Work to complete:
Although the records contain pictures, none belong in the copy: restate word for word only the lines from the one with "Minimal huggie hoop" through the one with "HUNDREDS LEFT WITHOUT", both included.

[Source records — start]

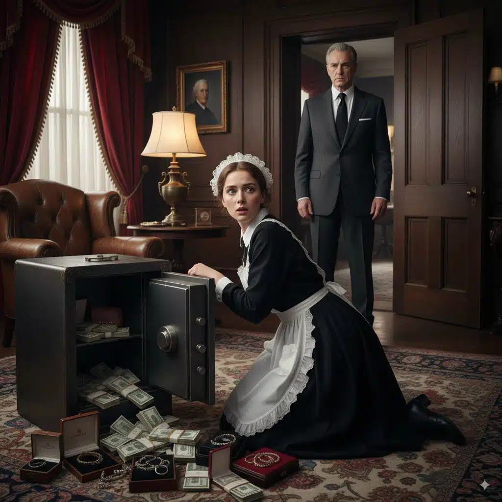 Par une journée particulièrement pluvieuse, l’homme d’affaires décida de confronter ses suspicions à la réalité. Dans son cabinet de travail, il laissa intentionnellement son coffre-fort grand ouvert, exhibant clairement des bijoux de valeur et d’importantes sommes d’argent sous l’éclairage direct. Il se dissimula ensuite, guettant l’arrivée de sa salariée.
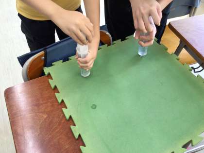 空気の実験の後、同じようなことを水を使ってやってみると・・・全く違う手応えに子どもたちは、驚いていました。楽しみながら、発見することができるように、見守っていきたいと思います。
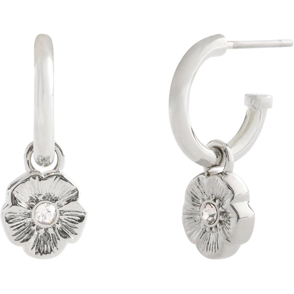 Minimal huggie hoop earrings paired with dangling signature tea rose motif charm. Posts are made from hypoallergenic titanium perfect for everyday. Earrings have a post back closure. Made from brass, glass crystal and titanium. Includes signature COACH jewelry dustbag.
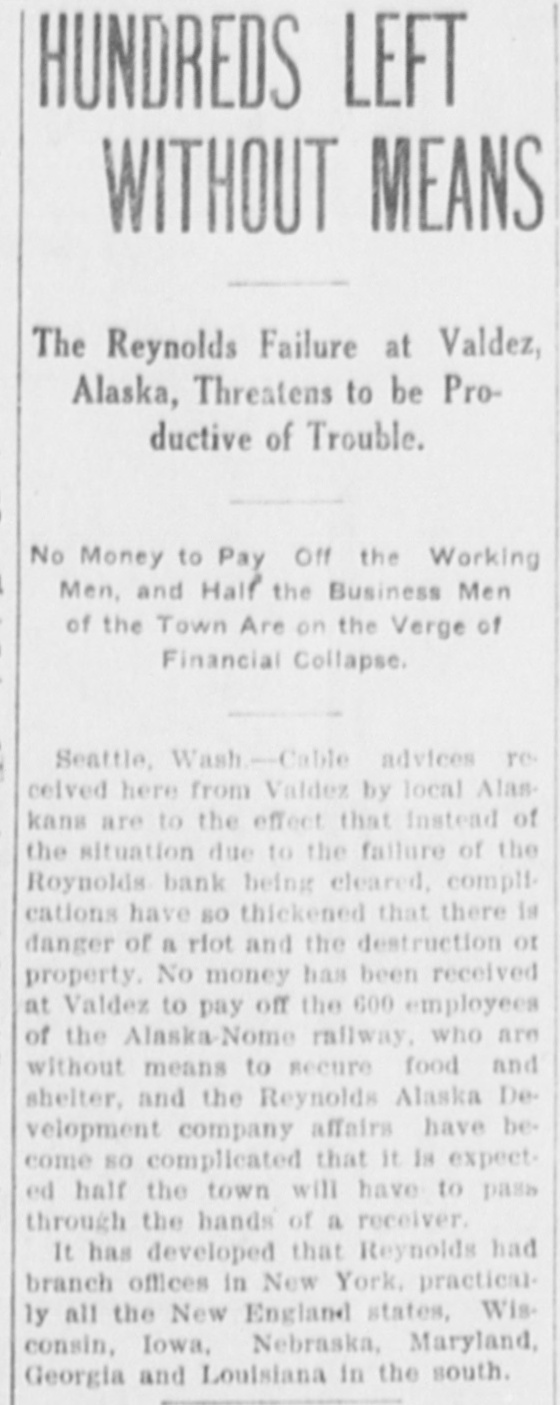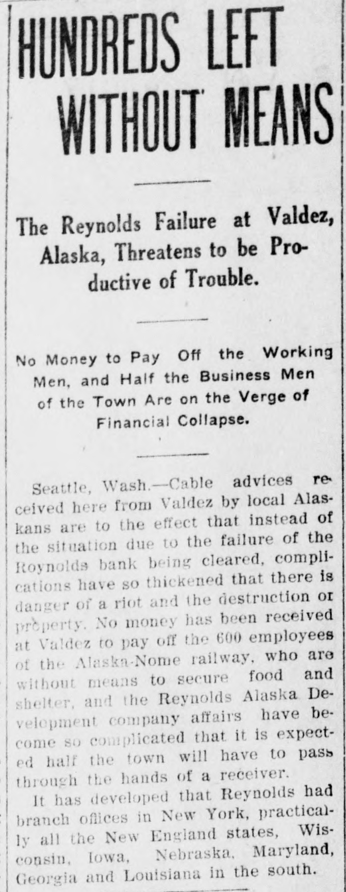 HUNDREDS LEFT WITHOUT MEANS The Reynolds Failure at Valdez, Alaska, Threatens to be Productive of Trouble. No Money to Pay Off the Working Men, and Half the Business Men of the Town Are on the Verge of Financial Collapse. Seattle, Wash.-Cable advices re ceived here from Valdez by local Alaskans are to the effect that instead of the situation due to the failure of the Roynolds bank being cleared, complications have so thickened that there is danger of a riot and the destruction or property. No money has been received at Valdez to pay off the 600 employees of the Alaska-Nome railway, who are without means to secure food and shelter, and the Reynolds Alaska Development company affairs have become so complicated that it is expected half the town will have to pass through the hands of a receiver. It has developed that Reynolds had branch offices in New York, practically all the New England states, Wisconsin, Iowa, Nebraska. Maryland, Georgia and Louisiana in the south.
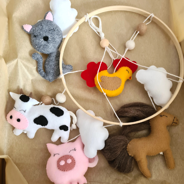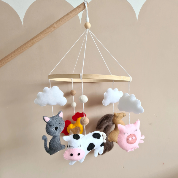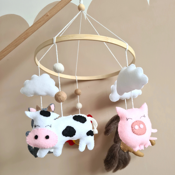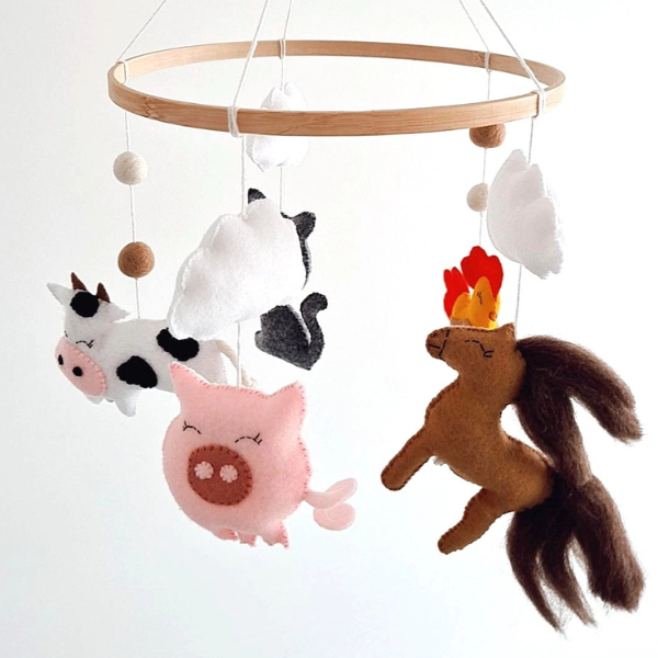 Karuzela do łóżeczka Zwierzęta Gospodarskie to radosna i kolorowa dekoracja, która przeniesie Twoje Maleństwo w sielski świat wiejskiego gospodarstwa. Wśród puszystych, białych chmurek krążą urocze, filcowe zwierzątka – konik, świnka, krowa, kot i kura – tworząc wesołą scenkę pełną życia i pozytywnej energii. Każdy z bohaterów został wykonany z dbałością o najdrobniejsze szczegóły, by nie tylko zachwycać wyglądem, ale też pobudzać ciekawość i wyobraźnię dziecka.
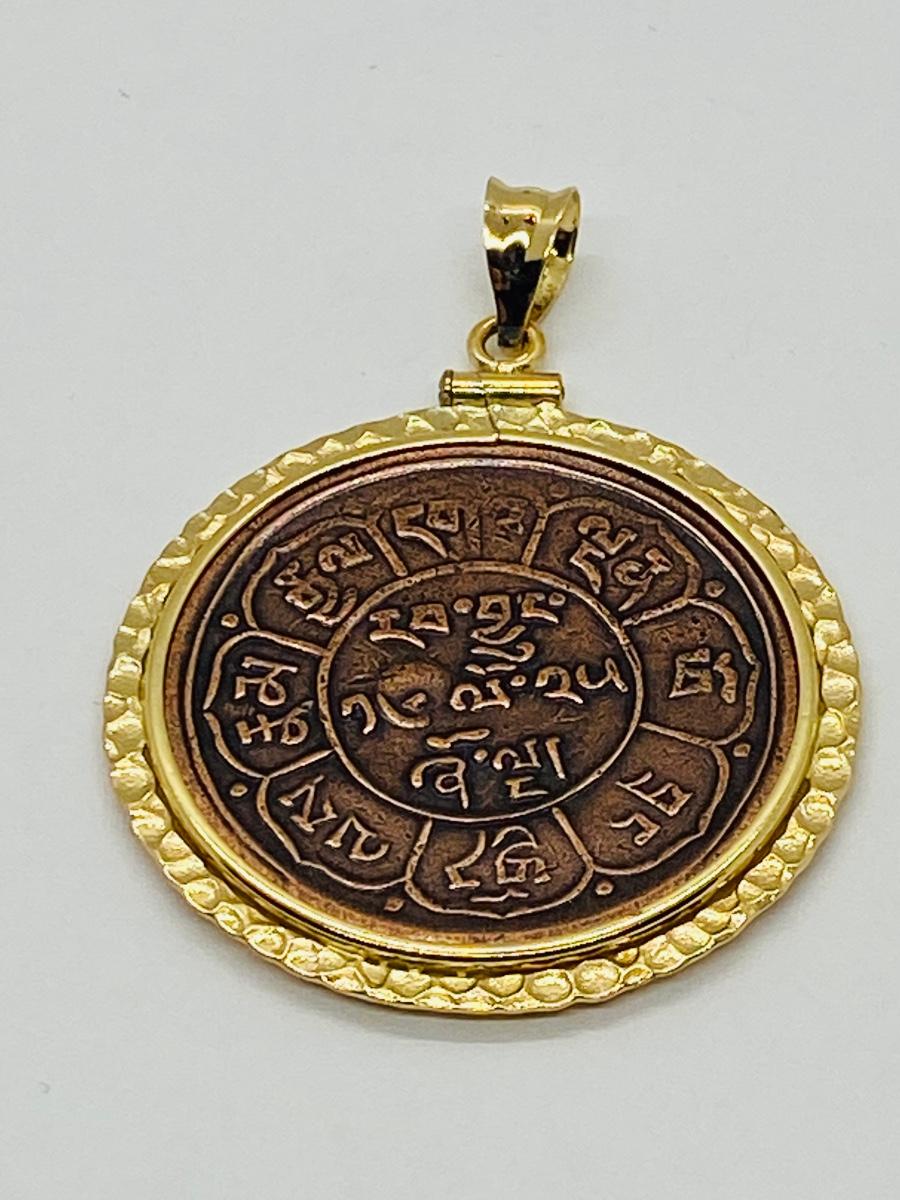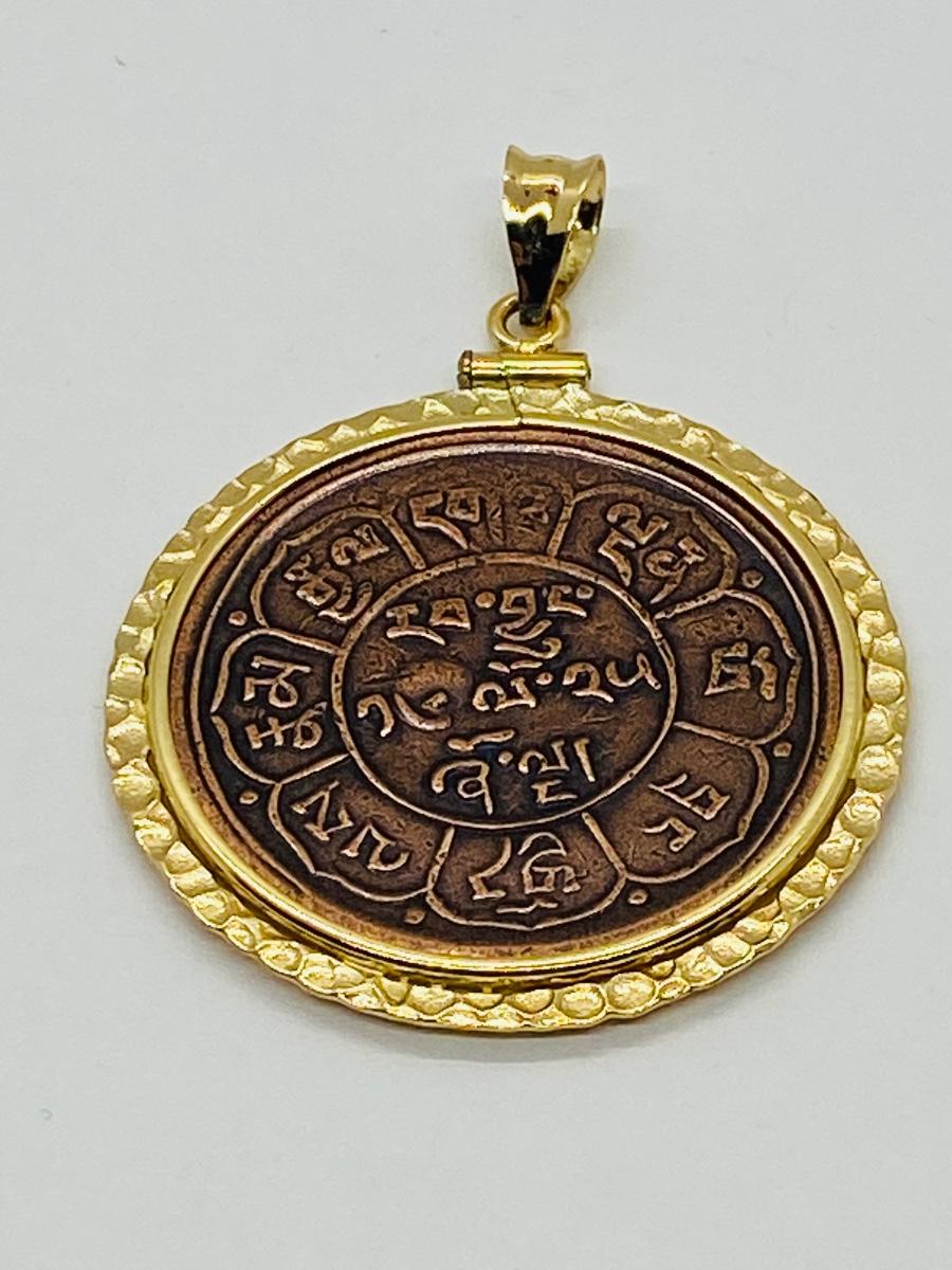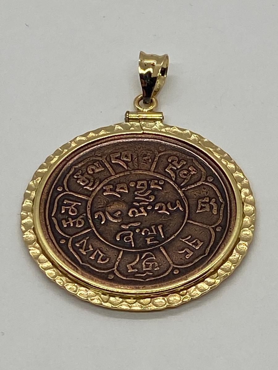 Lot 23: Tibetan 5 Sho Coin Set in 18k Yellow Gold Pendant
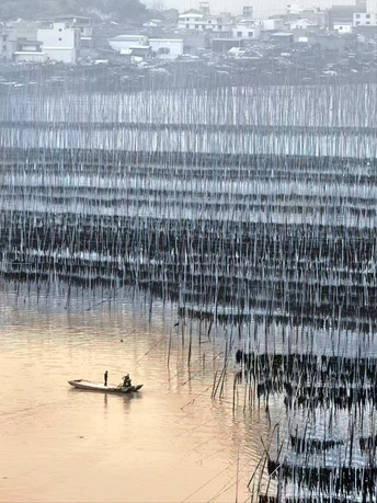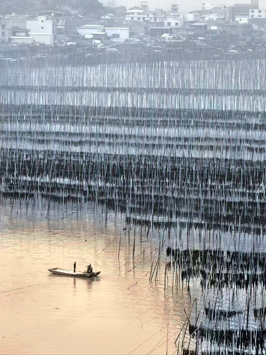 浅滩之上,林立的海带晾晒杆编织出自然的脉络。小船悠悠划过,似游走在时光罅隙。舟中之人,在这一方水色里,守望着岁月的淡泊与安然。
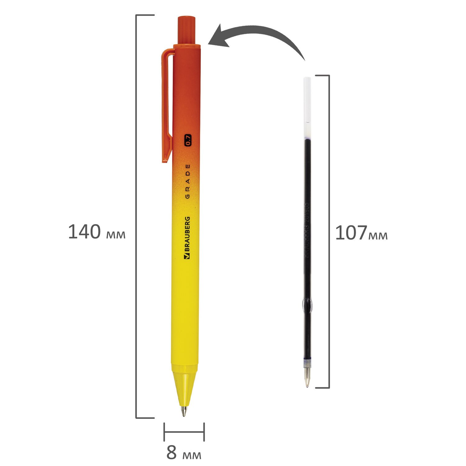 Автоматическая шариковая ручка BRAUBERG "Grade" обладает soft-touch покрытием и оригинальным дизайном в стиле градиент на корпусе.

[Source records — finish]

Expected output:
 Minimal huggie hoop earrings paired with dangling signature tea rose motif charm. Posts are made from hypoallergenic titanium perfect for everyday. Earrings have a post back closure. Made from brass, glass crystal and titanium. Includes signature COACH jewelry dustbag.
 HUNDREDS LEFT WITHOUT MEANS The Reynolds Failure at Valdez, Alaska, Threatens to be Productive of Trouble. No Money to Pay Off the Working Men, and Half the Business Men of the Town Are on the Verge of Financial Collapse. Seattle, Wash.-Cable advices re ceived here from Valdez by local Alaskans are to the effect that instead of the situation due to the failure of the Roynolds bank being cleared, complications have so thickened that there is danger of a riot and the destruction or property. No money has been received at Valdez to pay off the 600 employees of the Alaska-Nome railway, who are without means to secure food and shelter, and the Reynolds Alaska Development company affairs have become so complicated that it is expected half the town will have to pass through the hands of a receiver. It has developed that Reynolds had branch offices in New York, practically all the New England states, Wisconsin, Iowa, Nebraska. Maryland, Georgia and Louisiana in the south.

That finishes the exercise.